This rule is not a new concept. It is something that many programmers have in their head already, but possibly fractured into lots of smaller guidelines. But it is one overarching concept and it needs a name to be accessible as such. For me, that makes things a lot clearer when reasoning about systems at large.

Explicit types – and when to use them

Many modern programming languages offer a way declare variables without an explicit type if the type can be inferred, either dynamically or statically. Many also allow for variables to be explicitly defined with a type. For example, Scala and C# let you omit the explicit variable type via the var keyword, but both also allow defining variables with explicit types. I’m coming from the C++ world, where “auto” is available for this purpose since the relatively recent C++11. However, people are still debating whether you should actually use it.

Pros

Herb Sutter popularised the almost-always-auto style. He advocates that using more type inference is good because it is roughly equivalent to programming against interfaces instead of implementations. He says that “Overcommitting to explicit types makes code less generic and more interdependent, and therefore more brittle and limited.” However, he also mentions that you might sometimes want to use explicit types.

Now what exactly is overcommiting here? When is the right time to use explicit types?

Cons

Opponents to implicit typing, many of them experienced veterans, often state that they want the actual type visible in the source code. They don’t want to rely on type inference being right. They want the code to explicitly state what’s going on.

At first, I figured that was just conservatism in the face of a new “scary” feature that they did not fully understand. After all, IDEs can usually infer the type on-the-fly and you can hover on a variable to let it show you the type.
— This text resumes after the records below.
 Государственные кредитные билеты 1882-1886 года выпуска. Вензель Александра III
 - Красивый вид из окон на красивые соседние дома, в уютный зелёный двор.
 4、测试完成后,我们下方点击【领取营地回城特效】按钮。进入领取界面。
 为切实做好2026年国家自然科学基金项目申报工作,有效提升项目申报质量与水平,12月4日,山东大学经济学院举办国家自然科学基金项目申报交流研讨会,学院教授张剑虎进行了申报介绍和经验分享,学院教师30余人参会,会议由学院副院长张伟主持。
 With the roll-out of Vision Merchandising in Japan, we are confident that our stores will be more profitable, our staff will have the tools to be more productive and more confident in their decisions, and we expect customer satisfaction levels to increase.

For C++, the function signature is a natural boundary where you often insert explicit types, unless you want to commit to the compile time and physical dependency cost that comes with templates. Other languages, such as Groovy, do not have this trade-off and let you skip explicit types almost everywhere. After working with Groovy/Grails for a while, where the dominant style seems to be to omit types whereever possible, it dawned on me that the opponents of implicit typing have a point. Not only does the IDE often fail to show me the inferred type (even though it still works way more often than I would have anticipated), but I also found it harder to follow and modify code that did not mention explicit types. Seemingly contrary to Herb Sutter’s argument, that code felt more brittle than I had liked.

Middle-ground

As usual, the truth seems to be somewhere in the middle. I propose the following rule for when to use explicit types:

  • Explicit typing for domain-types
  • Implicit typing everywhere else

Code using types from the problem domain should be as specific as possible. There’s no need for it to be generic – it’s actually counter-productive, as otherwise the code model would be inconsistent with model of the problem domain. This is also the most important aspect to grok when reading code, so it should be explicit. The type is as important as the action on it.
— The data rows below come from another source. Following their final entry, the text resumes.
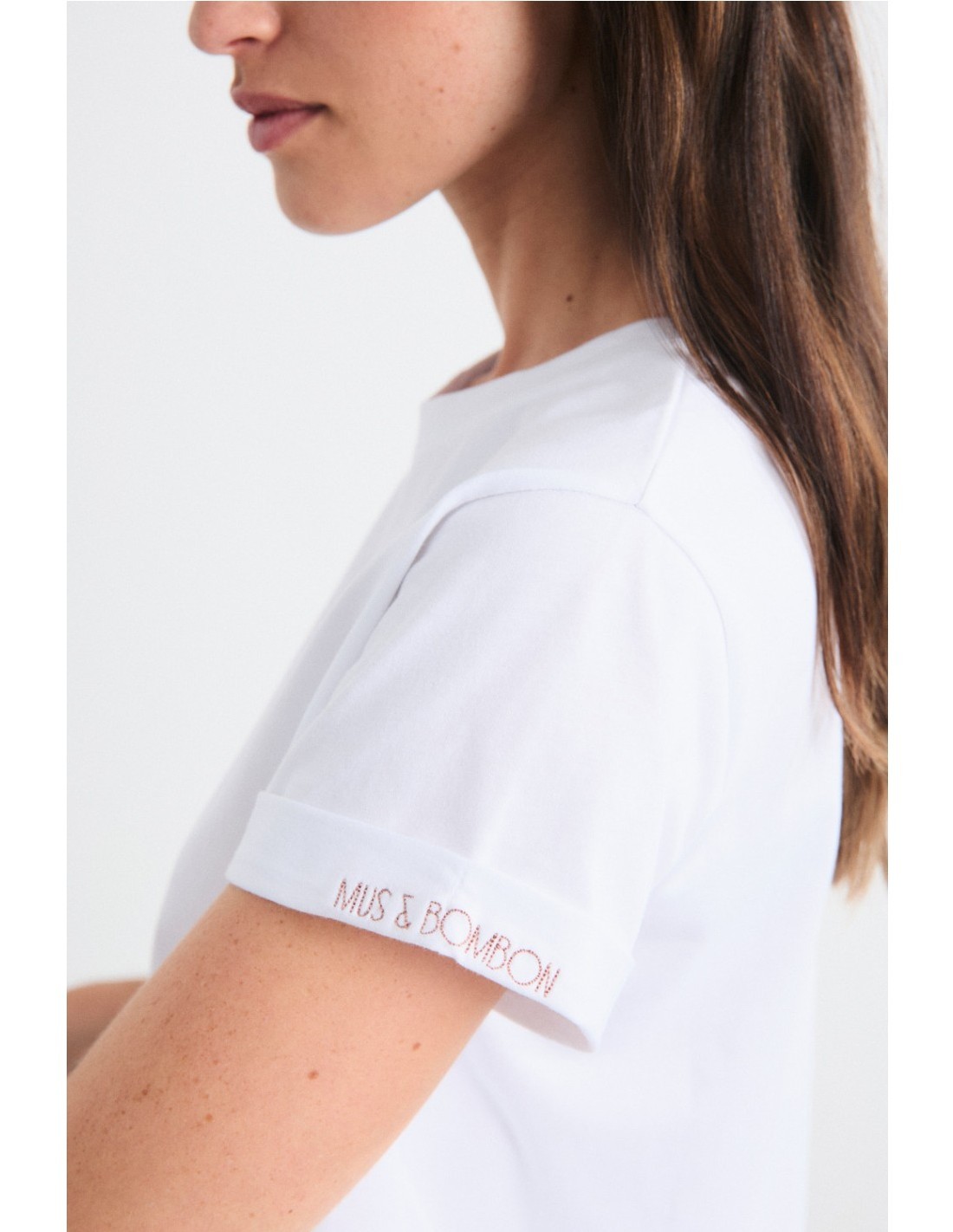 Musbom es una camiseta cuello caja con doble vuelta en manga y print bordado en la manga izquierda. El básico de armario de Mus&Bombon que no puede faltar.
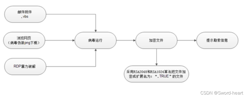 加密过程与以往的勒索软件并无太差差异,主要是差异在于,病毒感染方式不再具有内网横向传播的能力,目前发现主要通过恶意邮件附件、中毒网站挂马、RDP暴力破解方向进行传播感染。
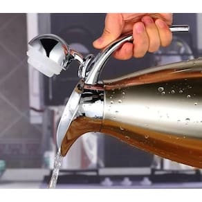 O bico de despejo abre facilmente com botão de pressão para um despejo simples com uma mão.
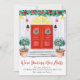 Elegant holiday moving announcements displaying a painted red front door decorated with watercolor Christmas wreaths, winter evergreen garland, Christmas ornaments, and potted boxwood shrubs with holly berries. The phrase "We're Decking New Halls" is displayed in a red, hand-lettered modern script with your new address and name below.
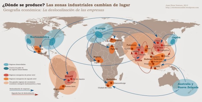 Así pues, la deslocalización ocurrida en los países industrializados tradicionales (EE.UU., Europa Occidental y Japón) ha tenido como destino y ha promovido la creación de grandes regiones industriales en China Oriental, el Sureste Asiático (Indonesia, Malasia, Vietnam, Filipinas, etc.), el subcontinente Indio (Pakistán, Bangladés y la India) Brasil y otros países de Suramérica (Colombia, Perú, Ecuador, etc.), tal como podemos observar en el mapa.
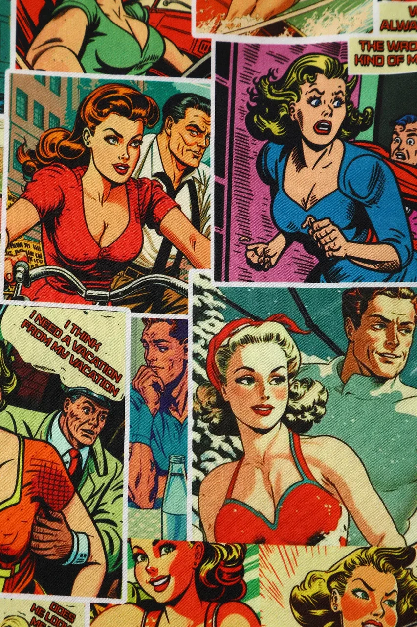 Set on a cheerful yellow background, the comic print brings energy and personality to the look. The fitted bodice and coordinating belt define the waist, while the red-lined collar and sleeves add a striking contrast. Front buttons and practical pockets complete this stylish yet functional design.

On the other hand, for pure-fabrication types that do not respresent a concept in the domain, the action is important, while the type is merely a means to achieve this action. Typically, most of the elements from a language’s standard library fall into this category. All your containers, iterators, callables. Their types are merely implementation details: an associative container could be an array, or a hash-map or a tree structure. Exchanging it rarely changes the meaning of the code in the problem domain – it just changes its performance characteristics.

Containers will occasionally contain domain-types in their type. What do you do about those? I think they belong in the “everywhere else” catergory, but you should be take extra care to name the contained type when working with it – for example when declaring the variable of the for-each loop on it, or when inserting something into it. This way, the “collection of domain-type” aspect will become clear, but the specific container implementation will stay implicit – like it should.

What do you think? Is this a useful proposition for your code?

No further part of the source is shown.